Comparing two NSDates and ignoring the time component

Question

What is the most efficient/recommended way of comparing two NSDates? I would like to be able to see if both dates are on the same day, irrespective of the time and have started writing some code that uses the timeIntervalSinceDate: method within the NSDate class and gets the integer of this value divided by the number of seconds in a day. This seems long winded and I feel like I am missing something obvious.

The code I am trying to fix is:

if (!([key compare:todaysDate] == NSOrderedDescending))
{
    todaysDateSection = [eventSectionsArray count] - 1;
}

where key and todaysDate are NSDate objects and todaysDate is creating using:

NSDate *todaysDate = [[NSDate alloc] init];

Regards

Dave

Answer 1

You set the time in the date to 00:00:00 before doing the comparison:

unsigned int flags = NSYearCalendarUnit | NSMonthCalendarUnit | NSDayCalendarUnit;
NSCalendar* calendar = [NSCalendar currentCalendar];

NSDateComponents* components = [calendar components:flags fromDate:date];

NSDate* dateOnly = [calendar dateFromComponents:components];

// ... necessary cleanup

Then you can compare the date values. See the overview in reference documentation.

Answer 2

The documentation regarding NSDate indicates that the compare: and isEqual: methods will both perform a basic comparison and order the results, albeit they still factor in time.

Probably the simplest way to manage the task would be to create a new isToday method to the effect of the following:

    - (bool)isToday:(NSDate *)otherDate {
        currentTime = [however current time is retrieved]; // Pardon the bit of pseudo-code
        if (currentTime < [otherDate timeIntervalSinceNow]) {
         return YES;
        } else {
         return NO;
        }
    }

Answer 3

What I was thinking was something like this:

if (([key timeIntervalSinceReferenceDate] - [todaysDate timeIntervalSinceReferenceDate]) < 86400)
{
    ....
}

Would be interested to know if this is efficient/recommended...

Answer 4

I use this little util method:

-(NSDate*)normalizedDateWithDate:(NSDate*)date
{
   NSDateComponents* components = [calendar components:(NSYearCalendarUnit | NSMonthCalendarUnit | NSDayCalendarUnit)
                                              fromDate: date];
   return [calendar_ dateFromComponents:components]; // NB calendar_ must be initialized
}

(You obviously need to have an ivar called calendar_ containing an NSCalendar.)

Using this, it is easy to check if a date is today like this:

[[self normalizeDate:aDate] isEqualToDate:[self normalizeDate:[NSDate date]]];

([NSDate date] returns current date and time.)

This is of course very similar to what Gregory suggests.
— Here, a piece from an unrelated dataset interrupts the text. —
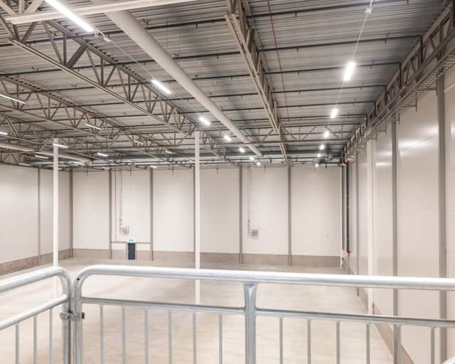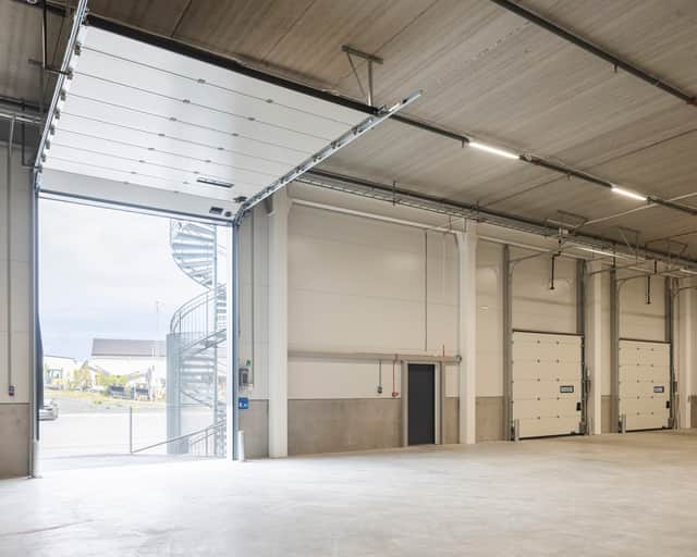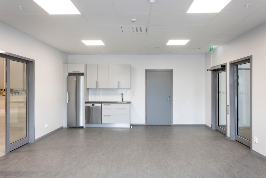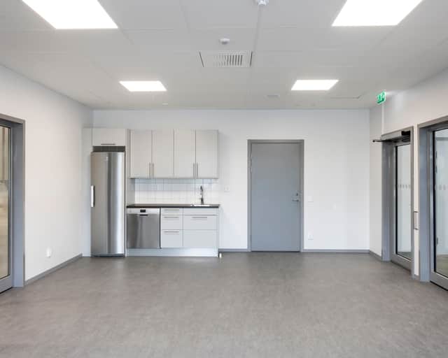 Lagerdelen har två portar med vindtätt lasthus samt en markport med högre porthöjd, vilket ger smidig in- och utlastning. Omklädningsrum finns för både dam och herr.
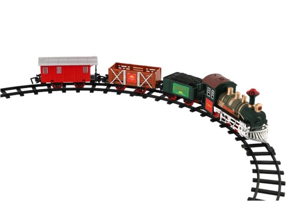 Tato super vlaková souprava kolejemi nadchne jistě každého kluka. Postav si trať a nech vláček jezdit. Občas nezapoměň zastavit a nechat vystoupit a nastoupit nové cestující... Balení obsahuje: lokomotivu, které svítí světla, 3 vagónky, 6 ks zatáček a 2 ks rovných kolejí. K provozu jsou třeba 2 x AA baterie do mašinky (nejsou součástí).Rozměry okruhu: 107 cm

The drawback of this approach is that it tends to create lots of temporary NSDate objects. If you're going to process a lot of dates, I would recommend using some other method, such as comparing the components directly, or working with NSDateComponents objects instead of NSDates.

Answer 5

I'm surprised that no other answers have this option for getting the "beginning of day" date for the objects:

[[NSCalendar currentCalendar] rangeOfUnit:NSDayCalendarUnit startDate:&date1 interval:NULL date:date1];
[[NSCalendar currentCalendar] rangeOfUnit:NSDayCalendarUnit startDate:&date2 interval:NULL date:date2];

Which sets date1 and date2 to the beginning of their respective days. If they are equal, they are on the same day.

Or this option:

int day1 = [[NSCalendar currentCalendar] ordinalityOfUnit:NSDayCalendarUnit inUnit:NSEraCalendarUnit forDate:date1];
int day2 = [[NSCalendar currentCalendar] ordinalityOfUnit:NSDayCalendarUnit inUnit:NSEraCalendarUnit forDate:date2];

Which sets day1 and day2 to somewhat arbitrary values that can be compared. If they are equal, they are on the same day.